A satisfação dos brasileiros com o Sistema Único de Saúde (SUS) aumentou nove pontos percentuais entre 2022 e 2025, passando de 34% para 45%, segundo a pesquisa “Confiança em Instituições Públicas na América Latina e no Caribe”, divulgada pela Organização para a Cooperação e Desenvolvimento Económico (OCDE). O índice coloca o Brasil acima da média latino-americana, fixada nos 40% em 2025, tornando o SUS o sistema de saúde pública mais bem avaliado da região.
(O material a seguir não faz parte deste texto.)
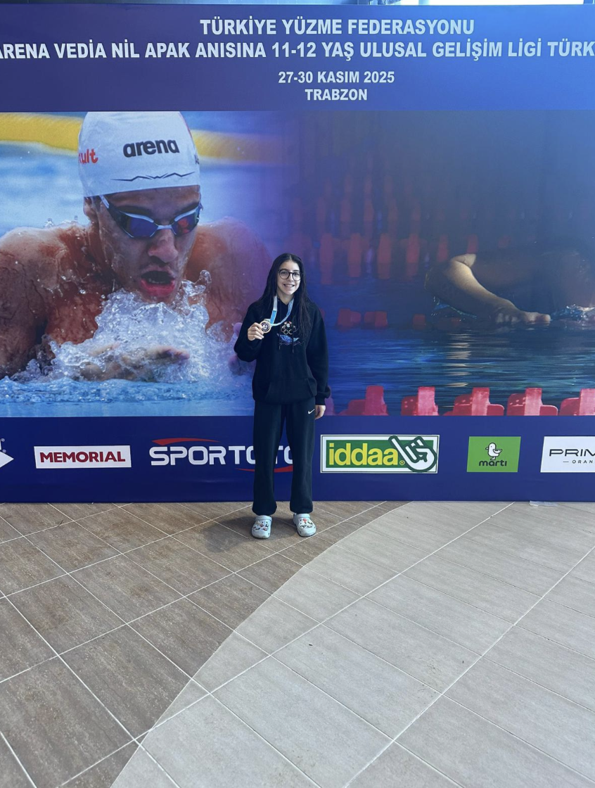12 yaş kategorisi 50 metre kurbağalama yarışında mücadele eden Trabzon Yeşilova Spor Kulübü sporcusu Bade Şener, Türkiye ikincisi olarak büyük bir başarıya imza attı.

O Presidente Luiz Inácio Lula da Silva destacou os resultados nas redes sociais, sublinhando a retoma de políticas públicas como o programa Farmácia Popular e a criação de novas iniciativas, como o Agora Tem Especialistas. O chefe de Estado afirmou ainda que o actual Governo reforçou o compromisso com a ciência e com a vacinação, afastando discursos negacionistas.
O estudo da OCDE indica igualmente uma melhoria significativa na percepção sobre o acesso e a qualidade dos serviços públicos em geral. Entre 2022 e 2025, a avaliação positiva subiu de 24% para 42%, um aumento de 18 pontos percentuais, posicionando o Brasil 10 pontos acima da média regional. A pesquisa, considerada referência internacional, avaliou cinco pilares da governação pública: integridade, capacidade de resposta, fiabilidade, abertura e equidade.
Para o ministro da Saúde, Alexandre Padilha, os números reflectem a ampliação do acesso aos cuidados de saúde. Entre 2022 e 2025, o número de cirurgias electivas aumentou mais de 40%, atingindo 14,7 milhões — o maior registo em 35 anos de SUS. No mesmo período, foram realizados 43,7 milhões de exames e consultas especializadas, além de 4,7 milhões de sessões de quimioterapia em 2025, estabelecendo novos recordes no sistema público de saúde brasileiro.